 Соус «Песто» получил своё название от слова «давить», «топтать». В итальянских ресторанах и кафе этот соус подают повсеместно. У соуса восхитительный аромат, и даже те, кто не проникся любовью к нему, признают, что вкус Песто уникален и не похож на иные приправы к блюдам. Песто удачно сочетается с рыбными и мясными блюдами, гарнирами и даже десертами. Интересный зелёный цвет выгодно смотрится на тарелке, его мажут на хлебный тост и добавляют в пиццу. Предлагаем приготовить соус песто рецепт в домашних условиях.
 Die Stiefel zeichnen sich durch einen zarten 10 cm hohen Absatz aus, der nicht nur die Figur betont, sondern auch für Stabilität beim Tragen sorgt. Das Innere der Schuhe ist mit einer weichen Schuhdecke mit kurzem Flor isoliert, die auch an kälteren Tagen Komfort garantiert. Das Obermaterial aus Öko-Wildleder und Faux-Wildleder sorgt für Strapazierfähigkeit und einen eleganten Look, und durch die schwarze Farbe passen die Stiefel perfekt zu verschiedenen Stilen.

* * * *

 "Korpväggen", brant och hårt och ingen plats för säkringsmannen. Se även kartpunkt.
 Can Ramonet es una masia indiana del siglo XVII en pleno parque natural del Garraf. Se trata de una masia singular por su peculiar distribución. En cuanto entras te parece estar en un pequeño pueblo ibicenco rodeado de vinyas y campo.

* * * *

#### Directions:
Reproduce exactly, and with no other material, the lines between those holding "в домашних условиях." and "Die Stiefel zeichnen", inclusive.

#### Your solution:
 Соус «Песто» получил своё название от слова «давить», «топтать». В итальянских ресторанах и кафе этот соус подают повсеместно. У соуса восхитительный аромат, и даже те, кто не проникся любовью к нему, признают, что вкус Песто уникален и не похож на иные приправы к блюдам. Песто удачно сочетается с рыбными и мясными блюдами, гарнирами и даже десертами. Интересный зелёный цвет выгодно смотрится на тарелке, его мажут на хлебный тост и добавляют в пиццу. Предлагаем приготовить соус песто рецепт в домашних условиях.
 Die Stiefel zeichnen sich durch einen zarten 10 cm hohen Absatz aus, der nicht nur die Figur betont, sondern auch für Stabilität beim Tragen sorgt. Das Innere der Schuhe ist mit einer weichen Schuhdecke mit kurzem Flor isoliert, die auch an kälteren Tagen Komfort garantiert. Das Obermaterial aus Öko-Wildleder und Faux-Wildleder sorgt für Strapazierfähigkeit und einen eleganten Look, und durch die schwarze Farbe passen die Stiefel perfekt zu verschiedenen Stilen.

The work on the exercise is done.